I've been thinking about having a show in my area. I found a hotel with a fair sized conference room in Elkhart Indiana close to the 80/90 toll road. Elkhart is close to the IN/MI state line and almost in the middle going east to west. The room isn't cheap, but I think I could swing it. I have to check if I need a permit and how much it will cost if needed. What I really need to know is how many people are interested. I'm not looking to profit from table fees and admission. I'd just like to have a show in this area, even if I didn't get all my money back for the room and permit. If I had it this year it would be close to the end of the season, maybe March or early April. I'd like to do Feb. but that's cutting it pretty tight for this year. Let me know what you think. :dude: 

Craig


----------



## dlw (Aug 17, 1999)

Sounds cool, but you should contact those folks who sell at other shows in neighboring states (It's too late to get them to sell at this one, but it may attact them to sell at your show in the future). Also set a date that doesn't conflict with other shows ( check SCJ's show schedule). If possible, look into having a layout at the show, maybe tie in some organized tjet/Afx racing and you'll have something for both racers and collectors.


----------



## AfxToo (Aug 29, 2003)

Starting up another show is very commendable. I would imagine that talking to some other folks who have hosted smaller shows would help you a lot. Bob Beers would probably have some great advice. Rocky (newbombturk on this board) would also be a good guy to talk to. Slot Car Johnny on this board is a fixture at a lot of shows and probably understands what makes or breaks a show as much as anyone.

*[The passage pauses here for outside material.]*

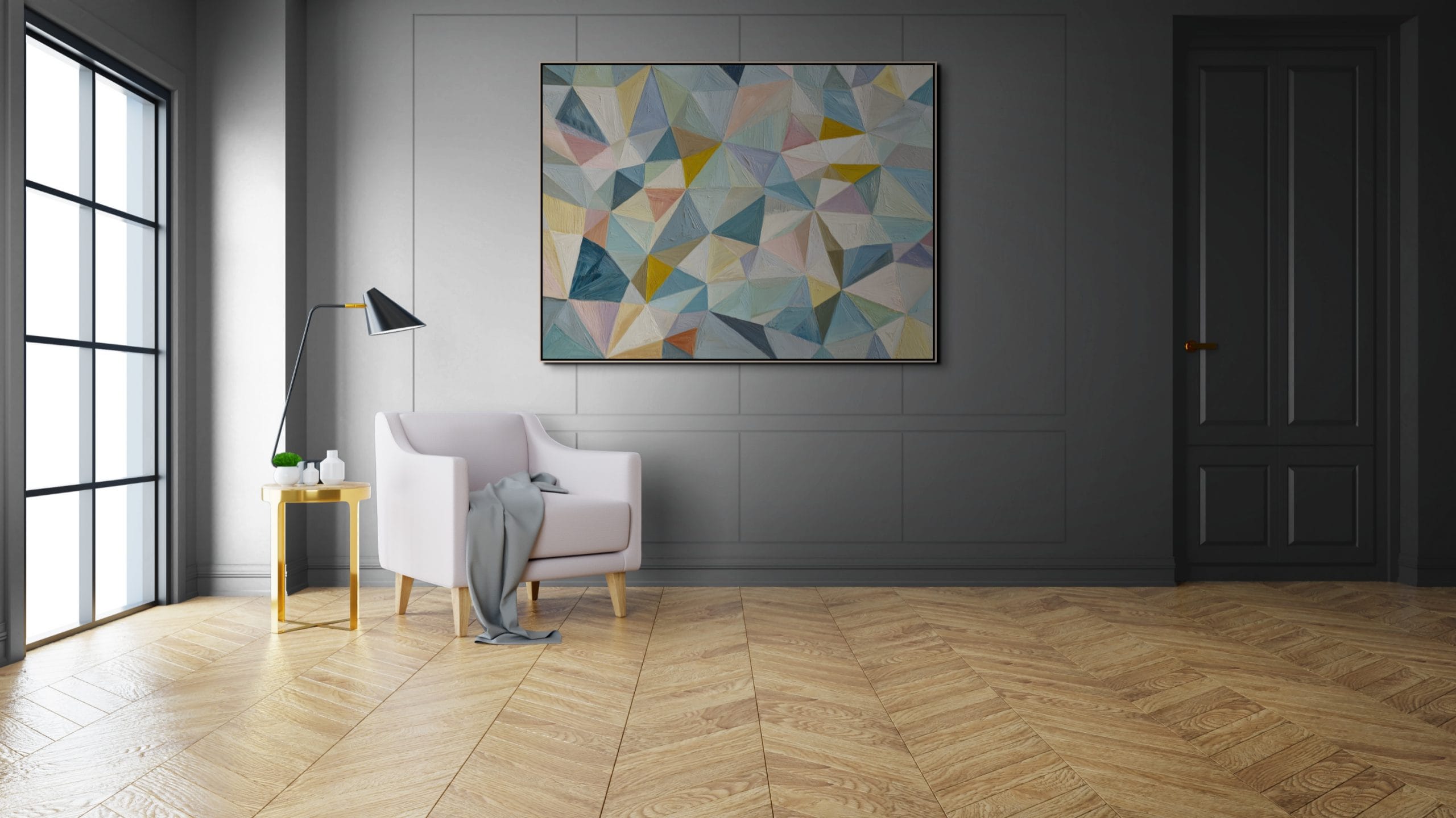 Ručně malované vrstvy barev vytvářejí jemnou reliéfní strukturu – geometrické tvary, která se mění podle dopadu světla. Viditelné tahy štětce dodávají obrazu přirozenost a zabraňují tomu, aby působil technicky nebo sterilně.

As a show attendee the things that matter most to me, in order of importance are:

1) Location
2) Date
3) Number and quality of vendors

Since the location is fixed for you and is in a geographic area that already has some slot car show coverage, you'll really have to focus on the other two factors. The current shows are seasonal so adding another show to one of the edges of the current "show season" would probably be your best bet unless you can find an open slot between existing shows. I have no idea how you go about getting multiple top quality vendors. That's probably the hardest part.


----------



## mtyoder (Jan 3, 2004)

Date and attendance are my biggest worries. I think the location will be good although I haven't seen the place in person yet, just one of the reasons this season dosen't look to good. I did talk to the manager of the hotel and they said they would be cool with it. I'm sure they won't mind having the extra business. Maybe if I shoot for early in the season next year like Sept. or Oct. I'll have the show open for H.O. 1/24 and 1/32 scale. There's a lot of 1/24 guys in our area who would probably enjoy a show closer to them also.

Craig


----------